If you are interested in algorithm details, you can check "Combinatorial Generation" by Frank Ruskey (page 129, algorithm 5.8), available at http://www.1stworks.com/ref/ruskeycombgen.pdf.

New app also checks if CPU supports required instruction set, and will exit with error message like "AVX instructions are not supported by your CPU!" if CPU will not support them.
27) Message boards : Number crunching : Optimization (Message 1022)
Posted 2 Apr 2017 by Profile [B@P] Daniel
Is a GPU version still under consideration? I get the impression that it would work, with all the programming talent that Daniel (and others) bring to the project, but there may not be enough work to support it.

Where are we on that?

Yes, I am still going to create it. But first I would like to release new version of CPU app, it is almost ready.
28) Message boards : Number crunching : FMA problems (Ryzen and others?) (Message 1016)
Posted 28 Mar 2017 by Profile [B@P] Daniel
Any update on this? People on hwbot forum says that ASUS released new BIOS which resolved problem for them. Did you have change to test it, or one for your mainboard if available?
29) Message boards : Number crunching : FMA problems (Ryzen and others?) (Message 1014)
Posted 23 Mar 2017 by Profile [B@P] Daniel
Both Windows and Linux apps are compiled using gcc. Linux app was compiled using gcc 4.8.5. Windows one was compiled with gcc 5.4.0, so its code probably is better optimized than Linux one. There are also some system-specific changes, they also may play role here.

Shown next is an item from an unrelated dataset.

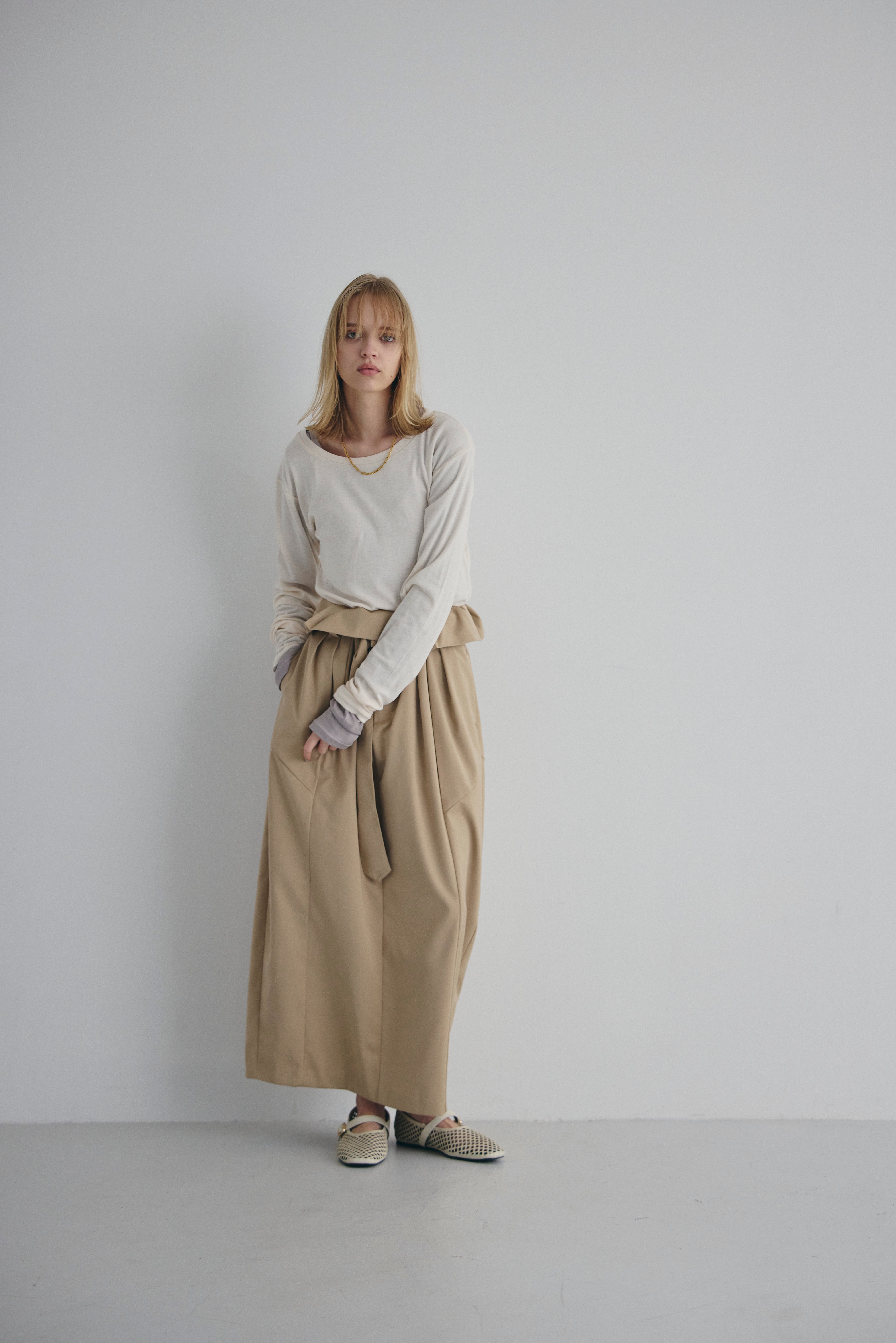 ウエストは折り返してフリル風にも楽しめる2WAYデザインで、さらに太ベルト仕様なのでウエストの調整もしやすく、自分にフィットした穿き心地に整えられます。

New app has new code to decompress input file, and to filter out some output results. Code which performs actual calculations was not changed. So previous version most probably would crash on Ryzen too.

Current Windows apps were compiled by me too, Valterc asked me to to this. I have downloaded FMA app version from TN-Grid server yesterday and verified that it is the same as one which I sent to him.
30) Message boards : Number crunching : FMA problems (Ryzen and others?) (Message 1009)
Posted 22 Mar 2017 by Profile [B@P] Daniel
I tried to disassemble compiled binary and things got interesting. All crash reports here mentions following error:

Privileged Instruction (0xc0000096) at address 0x00000000004f5458


When I checked instruction at this address, I got "STI" which is a sensitive instruction according to https://support.microsoft.com/en-nz/help/114473/intel-privileged-and-sensitive-instructions. But when I tried to disassemble whole app, it turned out that address 0x00000000004f5458 is invalid - valid instruction starts one byte earlier, at 0x00000000004f5457. Instruction at this address is "vmovsd" - it is an AVX instruction. This instruction maps to line 160 in pc.cpp. It looks like Ryzen decided to jump to some invalid address and executed some random instruction there which turned out to be an STI instruction.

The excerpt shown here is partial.